God I hope not; if he tries, that’ll change my answer to a resounding no.
“Alright then,” Doctor Lecter says, and what the hell—is he actually smiling?
“You better take those damned glasses, you already spent more than I make in a month. It’d physically pain me to take your credit card behind the counter again.”
Doctor Lecter steps closer to him, and the way he’s the slightest bit taller than Will should make him feel boxed in (they’re way past the casual-conversation space and into a more intimate bubble of proximity that Will thinks he’d like to test out much more in the future), though the blatant attempt to intimidate honestly makes him feel more like pushing back than shrinking away, which is actually a good thing.
Can’t be with someone unless you feel confident they can take whatever you dole out and vice versa.
“I’ll pick up the bill at dinner then.”
“Who said anything about dinner?
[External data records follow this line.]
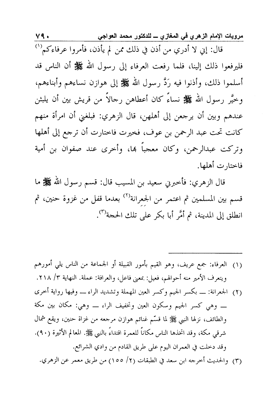 قال: إني لا أدري من أذن في ذلك ممن لم يأذن، فأمروا عرفاءكم1 فليرفعوا ذلك إلينا، فلما رفعت العرفاء إلى رسول الله صلى الله عليه وسلم أن الناس قد أسلموا ذلك، وأذنوا فيه رَدَّ رسول الله صلى الله عليه وسلم إلى هوازن نساءهم وأبناءهم، وخيَّر رسول الله صلى الله عليه وسلم نساءً كان أعطاهن رجالاً من قريش بين أن يلبثن عندهم وبين أن يرجعن إلى أهلهن، قال الزهري: فبلغني أن امرأة منهم كانت تحت عبد الرحمن بن عوف، فخيرت فاختارت أن ترجع إلى أهلها وتركت عبد الرحمن، وكان معجباً بها، وأخرى عند صفوان بن أمية فاختارت أهلها.
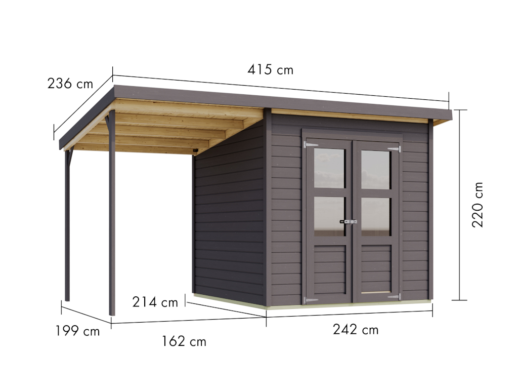 | Buitenmaten met dakoverstek (B x D): | 415 x 236 cm |
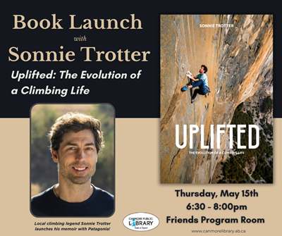 Join local climbing icon Sonnie Trotter at the Canmore Public Library for the launch of his memoir Uplifted: The Evolution of a Climbing Life, published by Patagonia Books.
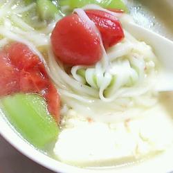 14.Baby's favorite noodle dinner, fruits and tomatoes cooked like this have high nutritional value, are light and delicious, and have fish soup to strengthen the spleen and appetizer.It is also a good product for treating colds, and of course it can also treat mumps.Luffa has the effect of treating mumps.
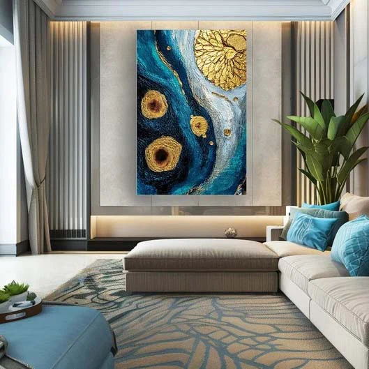 Hidden beneath the ocean surface lies a deepsea treasure with endless riches. Shaped like natural forms, they extend our imagination. Let this painting enrich your home interior, and dive into the depths!
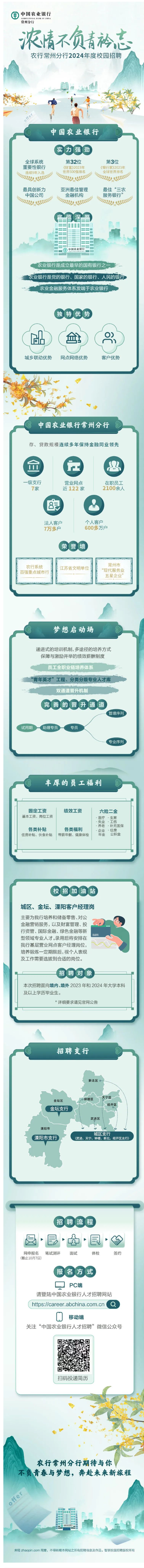 招聘[2024013]中国农业银行常州分行2024年度校园招聘正式启动

Breakfast, I pick the place. You pay for you, I pay for me. You like pancakes?”
Will grins. “Pancakes it is, then.”
Doctor Lecter—and Will should think about calling him Hannibal, now, shouldn’t he?—clenches his jaw, and Will decides he’s being too mean (as if he wouldn’t let the poor Doctor kiss him or whatever he wanted to do, right here, right now), reaches out to smooth the doctor’s lapel like they’re some old married couple already and he’s apologizing for snapping.
“Don’t worry, hun, me being terrifying is gonna be a funny story to tell the kids someday,” he says, and smiles to himself with a ducked head as Doctor Lecter snakes an arm around his waist.
“I’m not thinking that far ahead, Will,” he says, voice low and rough and belying his words.
“Course you are,” Will says. “You were practically shakin’ in your shoes waitin’ to ask me out. Which is sweet, but let’s just see about breakfast first.”